In BotW I think a lot of the time is spent in airborne or on-foot treks across the ripples and waves of its landscape, without the meaningful micro-concerns of traversal that root you within it. It feels like a landscape painting of wonderful shapes and form, but with less emphasis on the detailed gameplay and concerns that connect you.
To get around you just glide and climb, no other tools required. So exploration and progress becomes a visual thing - where you go to new areas to see new things, new colour palettes and skins for Hyrule - and not the mechanical one where you have to do different obstacles with different tools just to
get anywhere.
6)
Punctuation - Can you make a game too smooth?
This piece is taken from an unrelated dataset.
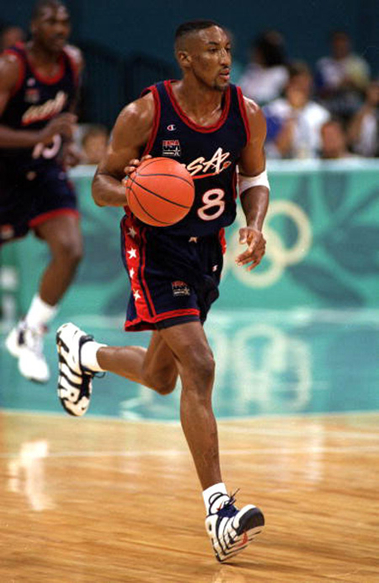 那除了这两个签名鞋系列之外,Nike今年还会带来两款经典鞋款的复刻。首先就是人气颇高的大Air,而且是最早亮相成为经典的奥运会配色。白蓝相间的搭配色契合了当时美国队的配色,后跟点缀一个金色8号刺绣logo象征着美国梦八队,有着满满的情怀记忆。

Too playable? Too many edges shaved off literally and thus in gamefeel, too?
BotW feels so silken and fluid that I wonder if its a little like a gaming stream-of-consciousness, without the usual gaming grammar that gives it depiction of space and traversal more weight.
Everything leads to everything. Everything is a camber or a slope or an up-ramp to something else. It's amazing and soothing and freeform, but it also diminishes the significance of verticality in general, of height and of drops and of walls. It loses the sense of
enclosure - by its commitment to the freedom of climbing and gliding from anywhere to anywhere. There is no crawling through cubby-holes and into caves.
It disrupts the inside-outside over-and-under world-grammar of previous, more limited 3D Zelda games, as with it their 'gravity' and solidity and variety.
In the new Link's Awakening there is continuous scrolling it seems - but not for the dungeons proper which remain structured in screen-chunks. That is because game grammar necessitates that mysterious dungeons must feel mysterious and enclosed and discreet whilst playing.
In BotW - everything is scrolling and continuous, reducing the felt borders of play that came with entering and exiting new areas, but also reducing their character as areas.
7)
I DO ACTUALLY LIKE BoTW! Honest! And it certainly 'worked' on me (more than 150 hours and counting). I am not trying to sound ungrateful for such a brilliant experience.
But I couldn't place what the felt differences were in play, and thought they might be more than just the changes to the overworld structure or to the weapon durability or whatever. There was far more going on which I became quite interested in unfolding and unpacking.
Anyway I have to finish now (don't even get me started on the musical differentiation of environments being altered etc!) but there we are!
EDIT P.S. I actually tried BotW using only L-Trigger camera and I swear it changed things, and my focus and the feel!